SFIG has an embedded income yield of 1.14%, which is well above what’s available on cash instruments and better than what investors find with short-term Treasuries. The WisdomTree exchange traded fund has an effective duration of 2.81 years, according to issuer data.

SFIG follows the WisdomTree U.S. Short Term Corporate Bond Index. That’s not an ordinary corporate bond index. Rather, the WisdomTree U.S. Short Term Corporate Bond Index focuses on issues that “have attractive fundamental and income characteristics,” indicating that SFIG comes with some perks beyond low duration risk. Additionally, SFIG may offer some benefits over floating rate notes.
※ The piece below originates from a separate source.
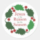 Un brillante Anillo de Rojo y Verde Holly con Jesús es Motivo de la Temporada en el centro de este gran pegatina redondo recuerda a la familia el verdadero significado para los Navidades!
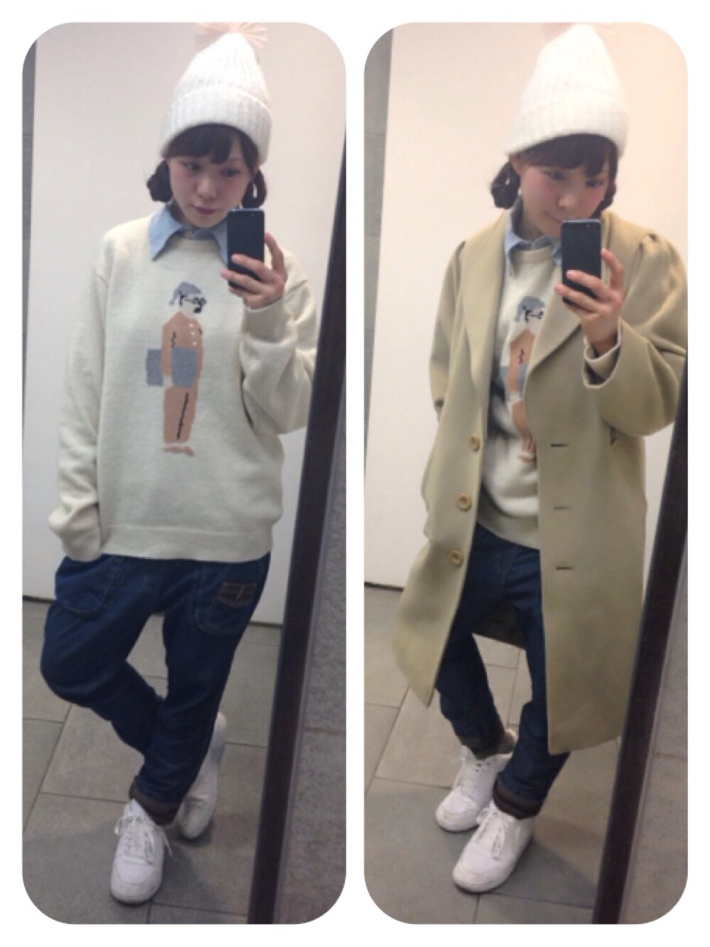 コートは古着です! iamiで今年の初売りで購入した おじさんニットです ずーーっとまえから狙っていたので この機会に買えてほんっとにうれしくて 毎日着たいです! ボトムスはすこしサルエルぎみの形が とってもお気に入りです! 最近白っぽくまとめるのがすきです

“First, short-term, fixed-rate corporate bonds offer yields that are currently three times as high as floaters on average. The average yield-to-worst of the Bloomberg U.S. Corporate 1-5 Year Bond Index is roughly 1%, compared with just 0.3% for the Bloomberg U.S. Floating Rate Notes Index,” adds Schwab’s Martin.

Over 39% of SFIG’s holdings are rated AA or A. About 59% of the fund’s components are issued by financial services, consumer staples, and technology companies. Overall, there are some advantages with SFIG, and investors may not want to wait around to embrace those traits.

“Short-term investment-grade corporate bonds offer higher yields than many other ultrashort-term alternatives, but also have relatively low interest rate risk,” concludes Martin. “Short-term corporate bonds with fixed coupon rates appear more attractive than floaters today.”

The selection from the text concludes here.